Microorganisms are everywhere. They live on your skin, inside of you, and on every surface you come in contact with throughout the day. For the most part the microorganisms that we constantly interact with cause no harm to us, some even help. However there are always a few that cause trouble to us and when they show up we need to be able to treat them properly. The only way to treat that particular specimen is by knowing what it is as well as its characteristics. This is what our lab was trying to accomplish, identifying a specific organism by using proper aseptic technique to run tests that we used to properly identify our sample.

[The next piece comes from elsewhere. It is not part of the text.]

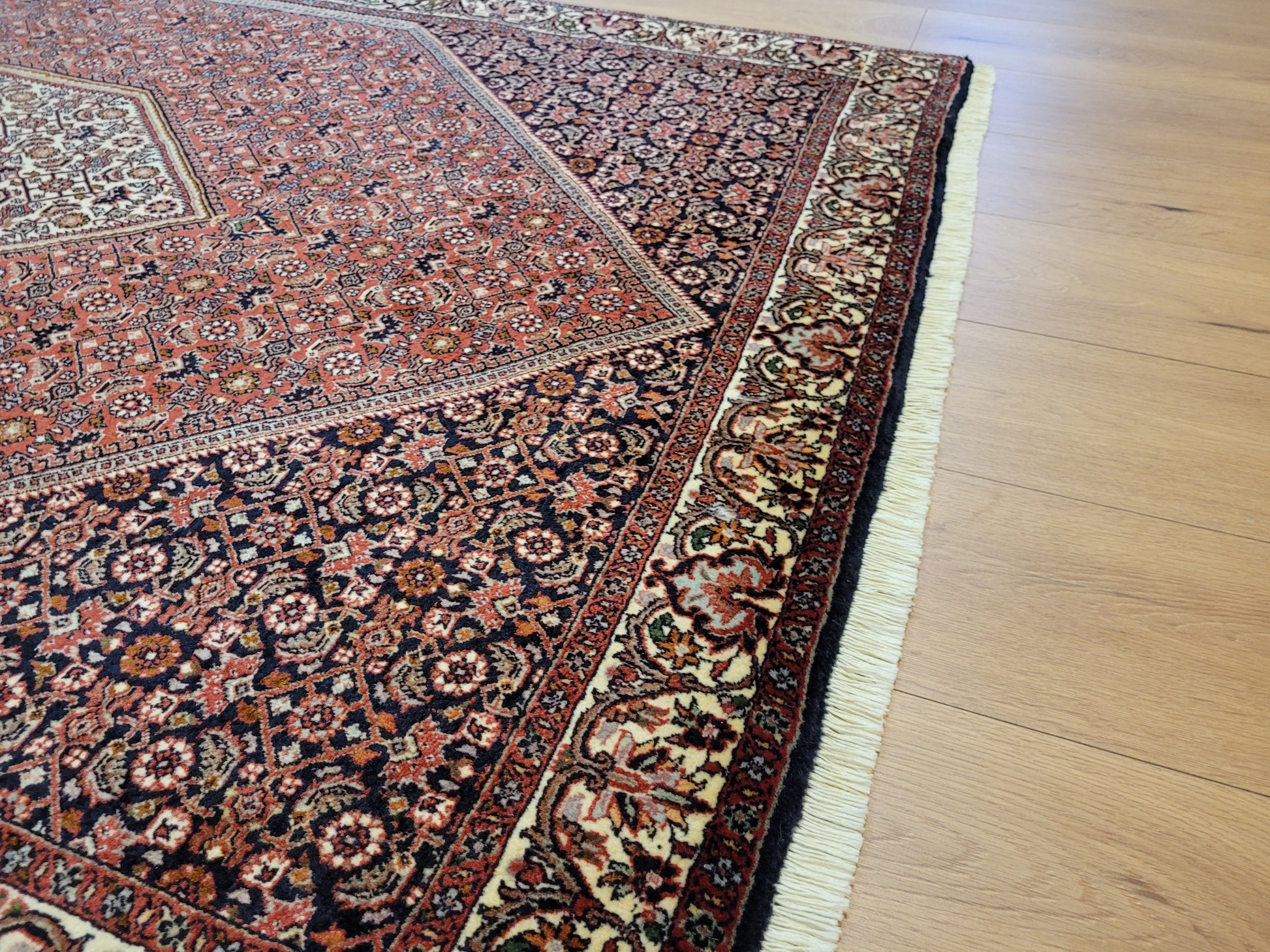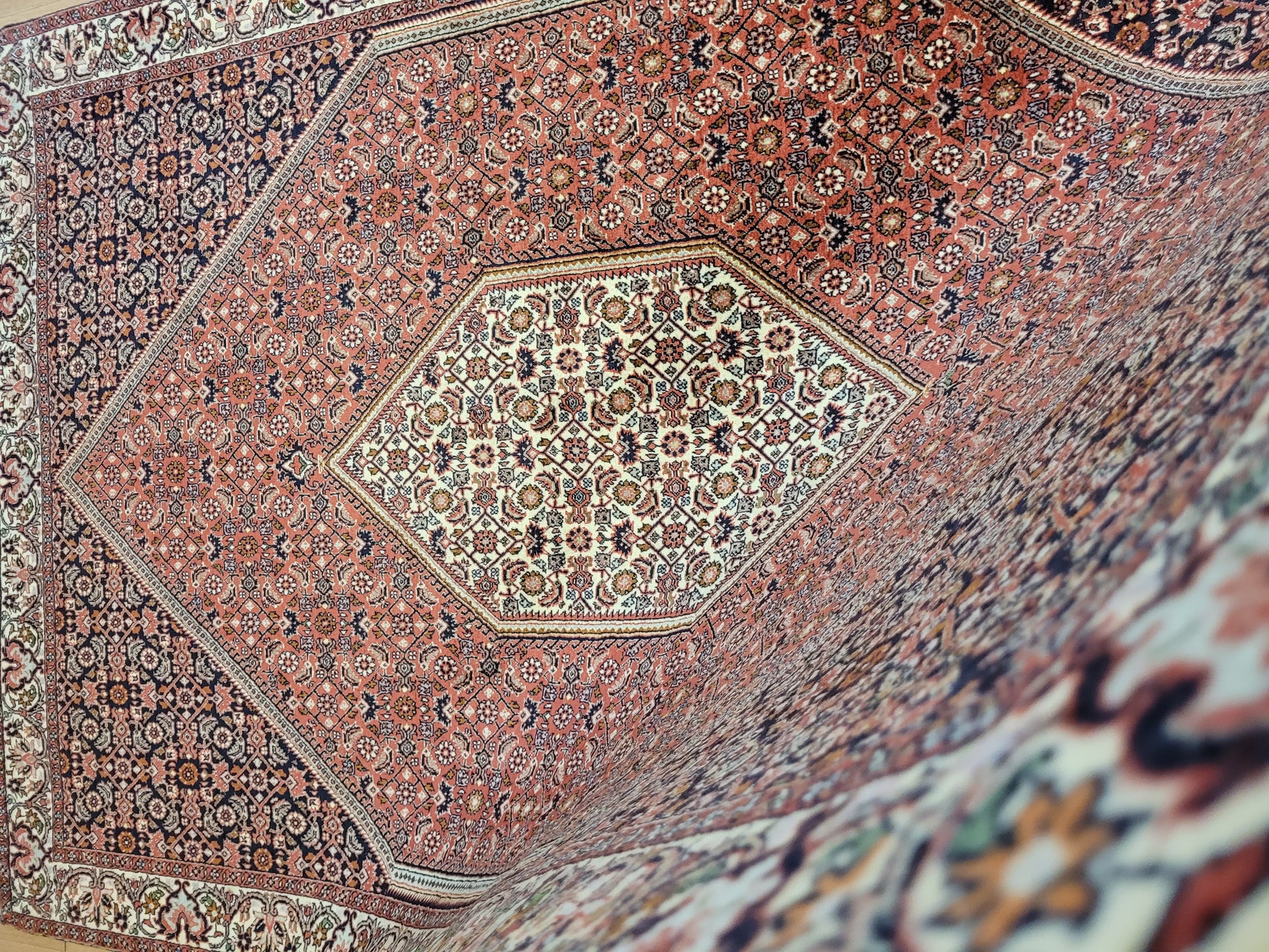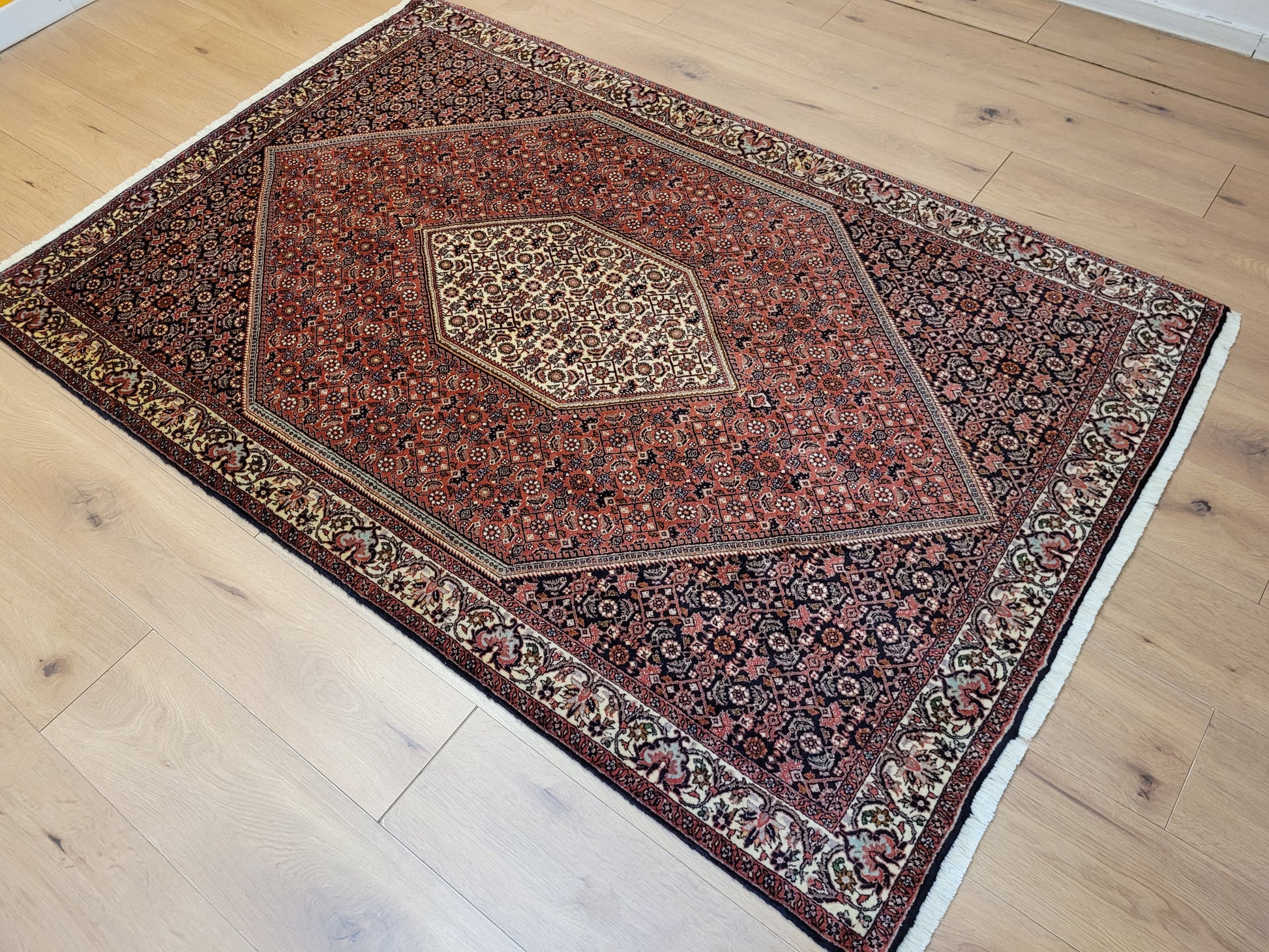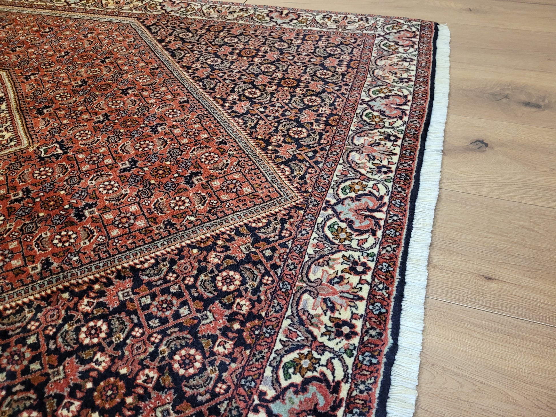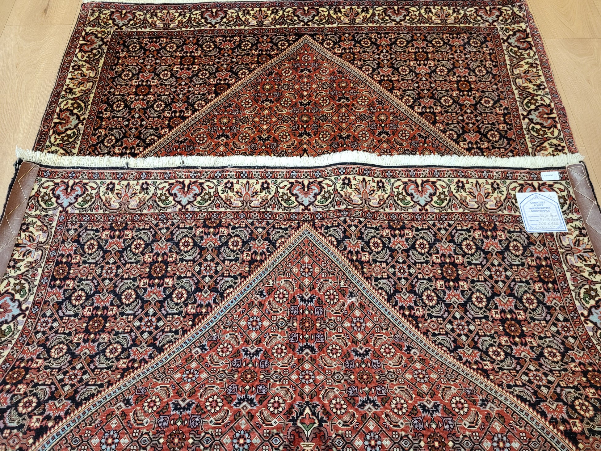 angeboten wird ein hochwertiger Bidjor Teppich, handgeknüpft aus reiner Korkwolle. Charakteristisch für Bidjor sind die geometrisch inspirierten Muster mit dichter Ornamentik und kräftigen Farben, die diesem Teppich eine markante Ausstrahlung verleihen. Das zentrale Rhombus-Medaillon wird von fein gearbeiteten Blütenmustern und einer kunstvoll gestalteten Bordüre eingerahmt.

The first lab consisted of tests to see if the sample was Gram positive or negative, determine what the shape and arrangement, how the sample used oxygen, motility, and if the organism produced hydrogen sulfide or indole. The Gram stain was performed using aseptic technique following the lab manual’s instructions. Once the slide had been heat set and stained, I observed the results of the stain in addition to determining shape and arrangement. The inoculation of the fluid chioglycollate and SIM medium were both completed with sterile procedure while following the handout given by the instructor. In the second lab we got to see the results of our tests from the previous week, which are on the result chart attached. One sample had a small reaction when checking for indole. When adding the drops of Kovac’s reagent to the SIM tube a slight gas was produced but no red ring, meaning the sample is indole negative. The second lab tests were to see if our organism had the enzymes: urease, gelatinase, catalase, or amylase, the ability to ferment lactose and mannitol to produce acid or gas, and the ability to utilize citrate. The inoculations of the urea broth, nutrient gelatin, tryptic soy agar, starch agar, citrate slanted agar, and Durham fermentation tubes were completed using sterile technique while completing the steps in the handout given by the instructor. When coming back for the third lab we were able to see our results from the earlier lab, which are in the result chart attached. Some of the results were extreme, like the nutrient gelatin and the catalase test, while others seemed to have been contaminated, the mannitol fermentation tube. After the nutrient gelatin had been refrigerated for 15 minutes the gel was almost completely liquid, meaning the sample is positive for gelatinase. When adding the hydrogen peroxide drops to the sample the bubbling was quick, rapid, and long lasting. While the lactose tube was a clear negative result the mannitol tube was a slight orange color, making it slightly positive, however this may have been due to an error on my part rather than the sample itself.
The results of the tests, in the attached chart, indicate that my unknown bacterium in this lab was Bacillus subtilis. When looking at the flow chart in the lab manual, Bacillus subtilis can be easily identified with just the gram staining and determining if there are spores in the sample or not, so why would we need to do more testing than that? When trying to identify bacteria there are many types that are similar in shape and Gram stain, leaving a whole world of bacteria clumped together by very basic characteristics that do not help with trying to treat people with the bacteria. The other tests, like the SIM and the Durham fermentation tests, are important for giving more detail to the each dual bacteria and making identification for treatment easier. Each test gives more information about the bacteria’s characteristics so that they can be studied further.